Wednesday, January 02, 2008

Fixed Income Returns for 2007


Clicking the chart above will show the 2007 returns for several fixed income ETFs, including SHY (1-3 yr Treasuries); IEF (7-10 yr Treasuries); TLT (20+ yr Treasuries); and LQD (investment grade corporate bonds).

Two interesting themes emerged over the course of 2007. First, we see an inflection point around mid-year (which also was when we began to see considerable weakness among equities). Up to mid-year, longer-dated debt was underperforming the short end. With the flight to quality and increased concerns over economic weakness, the long end dramatically outperformed the short end in the second half of the year.

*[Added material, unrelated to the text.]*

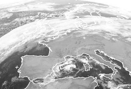 Zurzeit bestimmt über der Südhälfte des Kontinents Hoch 'Yens' das Wetter. Wolken findet man hier kaum. Nur über dem westlichen Mittelmeer kommt es zu einzelnen Schauern oder Gewittern. Im Norden dominiert dagegen Tief 'Zhara' über Skandinavien. Vor allem an der Grenze von sehr milder Luft im Süden zu etwas kühlerer im Norden liegt dabei ein dichtes Wolkenband, das auch etwas Regen bringt. Es erstreckt sich von den Britischen Inseln über Norddeutschland und Südskandinavien bis nach Russland. (Bildquelle: NERC Satellite Receiving Station, Dundee University, Scotland, http://www.sat.dundee.ac.uk/)

Second, we can see that Treasuries of all durations posted gains for 2007, but investment grade corporate bonds showed a modest loss. We can also see how the gap in performance between long-dated Treasuries and corporates widened as the year progressed. This reflected risk aversion in the face of credit concerns and economic weakness.

Fixed income traders and investors express their confidence and fears regarding the economy in their purchases and sales of short- and long-dated debt and the distribution of their holdings among Treasuries, investment grade corporates, and higher yielding debt. Understanding the sentiment expressed in these patterns of returns is helpful to traders in fixed income, currency, and equity markets.